Our unit seeks to provide a direction for future management and silviculture of boreal forests and to identify knowledge gaps between research and practical prospects. As knowledge transfer facilitators, we offer activities accessible to scientists and practitioners. In partnership with research groups, institutes, companies, private forest owners and government, we promote international cooperation in boreal forestry research. Our main research areas include innovative silvicultural practices, boreal mixedwood management, forest growth and yield and disturbance-based management.

State of Knowledge

Climate change is expected to modify the patterns and extent of natural disturbance regimes caused by wildfire, wind, insects and diseases in boreal forests throughout the world. These global changes can affect forest health and ecosystem services and compound the effects of anthropogenic disturbances such as logging.
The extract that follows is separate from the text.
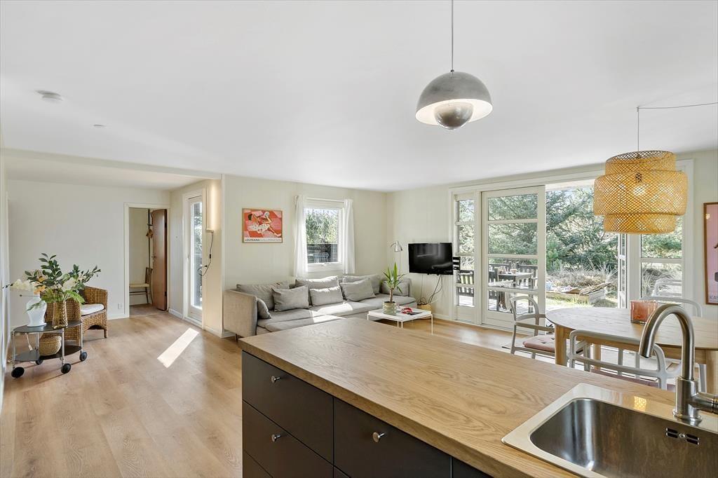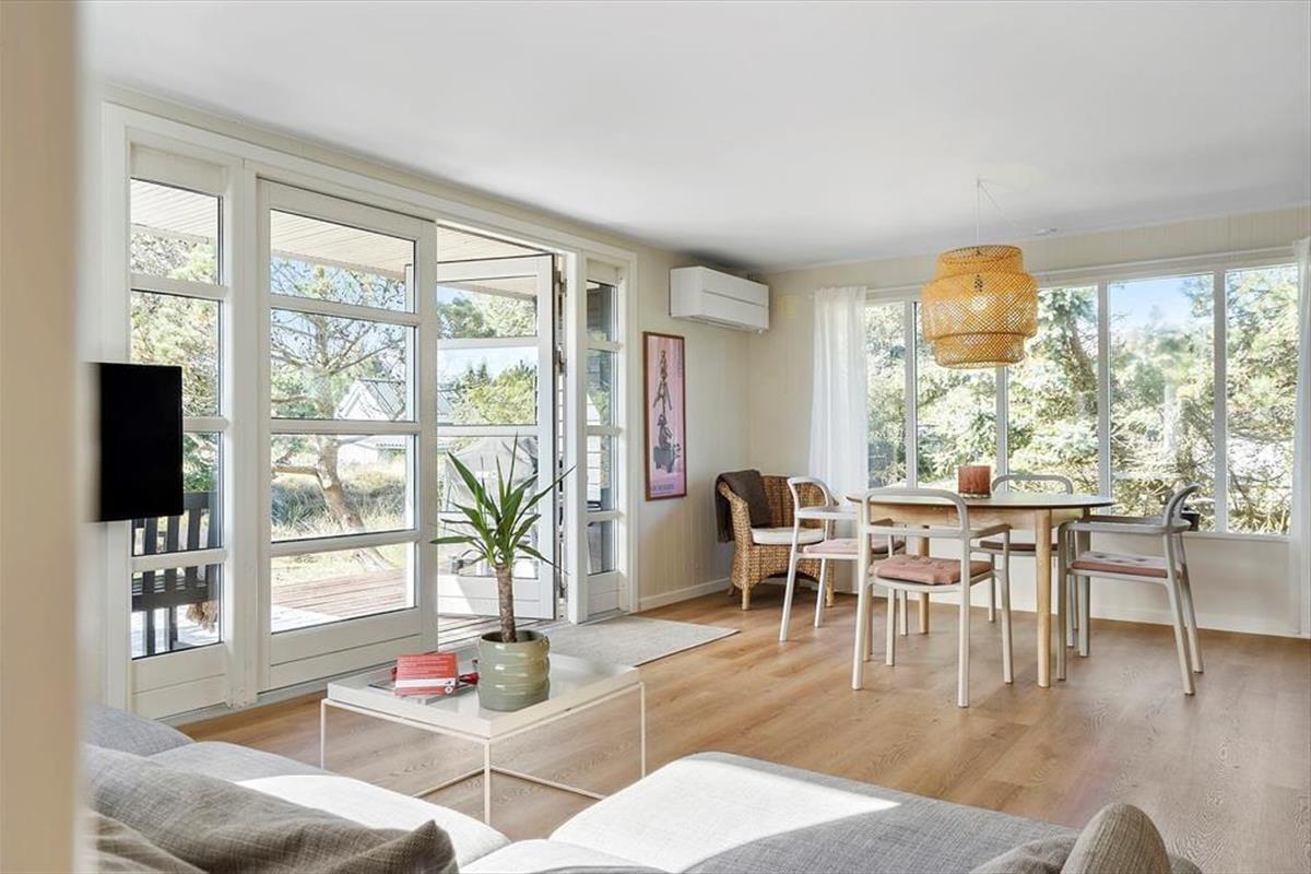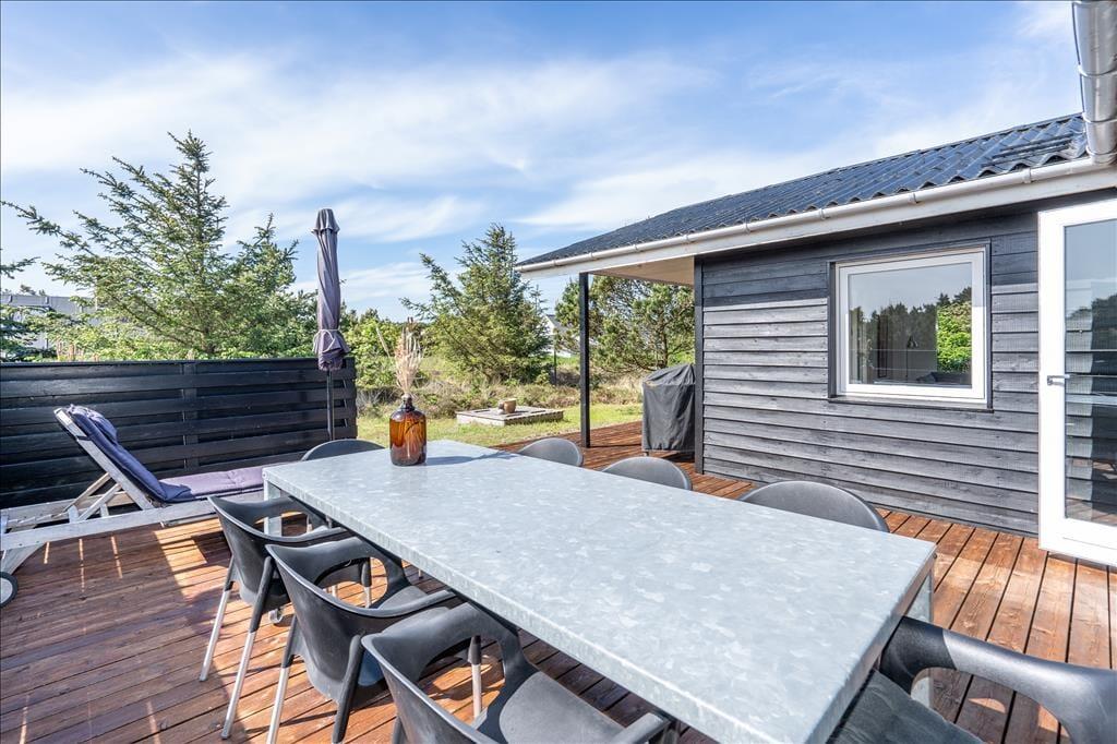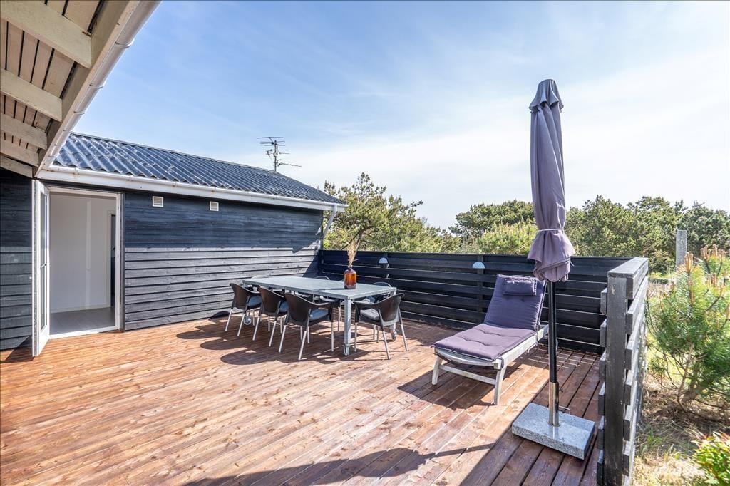 Nur ein kurzer Spaziergang trennt das ungestörte Grundstück vom Strand, an dem Sie an warmen Tagen baden und an kühlen Nebensaisontagen lange Strandwanderungen unternehmen können. Wind- und Kitesurfer schätzen die Gegend, da der Ringkøbing Fjord und die Nordsee vielfältige Möglichkeiten zur Ausübung des Sports bieten. Angler erfreuen sich an mehreren Angelteichen und an den guten Fangplätzen an der großen Schleuse des Hafenortes Hvide Sande. Hier muss der Fang allerdings hin und wieder mit hungrigen Seehunden geteilt werden. Mit Ihren Kindern sollten Sie einen Tag im großen Tropenbadeland Søndervigs verbringen. Der lebendige Badeort bietet darüber hinaus unter anderem einen Golfplatz, Geschäfte und Lokalitäten.

In some cases, large-scale application of even-aged systems may alter a forest’s structure, and consequently, its resilience to stress and biodiversity. Diversifying management practices and silvicultural systems at various scales through disturbance-based management or continuous-cover forestry could be part of the solution. Adopting mixed-species silviculture in boreal forests could also help to improve boreal forest resistance and resilience to stressors. Nevertheless, many questions remain regarding boreal forest management in the context of global change, particularly regarding ways to conciliate different—and sometimes contradictory—objectives such as wood production, wildlife habitat management and carbon sequestration. To face this uncertainty, forest owners and managers need more guidance and tools to support their decisions.